Why We Fight Uber - Tsiolkovsky
https://www.jacobinmag.com/2015/12/uber-sharing-economy-taskrabbit-silicon-valley-technology/
======
aries1980
> Instead of producing greater socialization that spreads wealth and decision-
> making, the sharing economy funnels money and control toward the top.

I don't see any difference compared to other industries that employ unskilled
workers / rigid resources. These workers are treated everywhere as commodity
and just the matter of time when they are replaced with robots.

Agencies, contractors, army, teachers, doctors, escorts are also part of the
sharing economy in a more oldschool way where people don't really care about
the social value of the money they pay. The difference is whether one is are
part of a commodity service or not.

------
chrismcb
Since when is a company that shows little regard for the law a "good guy."
This isn't about not liking smartphones, it is about not liking a company that
appears to be doing evil. Uber is not a"sharing" company, nor are they the
future. They are simply a taxi company that appears to exploit their customers
and employees and skirt the law every where they can.

------
cacheIn
The fight against Uber reminds me so much of the early aughts where, helped by
the efforts of the ufcw (in the same way thos fight is often supported by
another group seeking to restrict labor supply via law, taxi companies), there
was a popular fight against wal-mart.
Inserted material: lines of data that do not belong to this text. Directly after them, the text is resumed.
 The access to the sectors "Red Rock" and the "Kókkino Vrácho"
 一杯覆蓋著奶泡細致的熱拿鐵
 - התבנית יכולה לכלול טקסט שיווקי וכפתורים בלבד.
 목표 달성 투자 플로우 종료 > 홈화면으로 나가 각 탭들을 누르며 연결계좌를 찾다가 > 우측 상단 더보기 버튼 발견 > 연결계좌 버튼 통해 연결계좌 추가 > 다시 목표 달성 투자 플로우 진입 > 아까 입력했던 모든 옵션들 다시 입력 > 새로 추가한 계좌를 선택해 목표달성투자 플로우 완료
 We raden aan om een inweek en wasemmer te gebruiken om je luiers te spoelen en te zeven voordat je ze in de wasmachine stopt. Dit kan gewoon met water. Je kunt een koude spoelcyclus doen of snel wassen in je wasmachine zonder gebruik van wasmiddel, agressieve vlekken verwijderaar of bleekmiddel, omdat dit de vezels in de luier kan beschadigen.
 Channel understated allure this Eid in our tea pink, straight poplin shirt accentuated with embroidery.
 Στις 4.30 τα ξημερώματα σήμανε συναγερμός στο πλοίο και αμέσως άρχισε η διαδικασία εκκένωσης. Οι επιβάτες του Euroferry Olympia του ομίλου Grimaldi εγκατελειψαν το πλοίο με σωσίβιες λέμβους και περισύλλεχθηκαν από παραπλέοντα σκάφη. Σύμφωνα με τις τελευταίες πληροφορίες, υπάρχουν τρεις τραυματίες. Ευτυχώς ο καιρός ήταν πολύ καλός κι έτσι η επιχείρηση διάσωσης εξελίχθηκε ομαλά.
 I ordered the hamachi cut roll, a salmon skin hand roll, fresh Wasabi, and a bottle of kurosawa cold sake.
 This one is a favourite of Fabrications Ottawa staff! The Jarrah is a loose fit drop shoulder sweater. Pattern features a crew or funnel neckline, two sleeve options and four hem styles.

It experiences the same problem: the
company is a canvas upon which many people find they can draw their gripe with
how society works, and in a way which will catch headlines for relevance.

Some of these gripes are legitimate, but all gesture to the rest of the crowd
denouncing today's symbol of "libertarian evil" to signify that all these
folks, and by extension the informed in general, support their particular
cause and gripe.

Lots of people think uber represents some social problem, but I would guess
for most of them, "lack of socialism" isn't what they had in mind.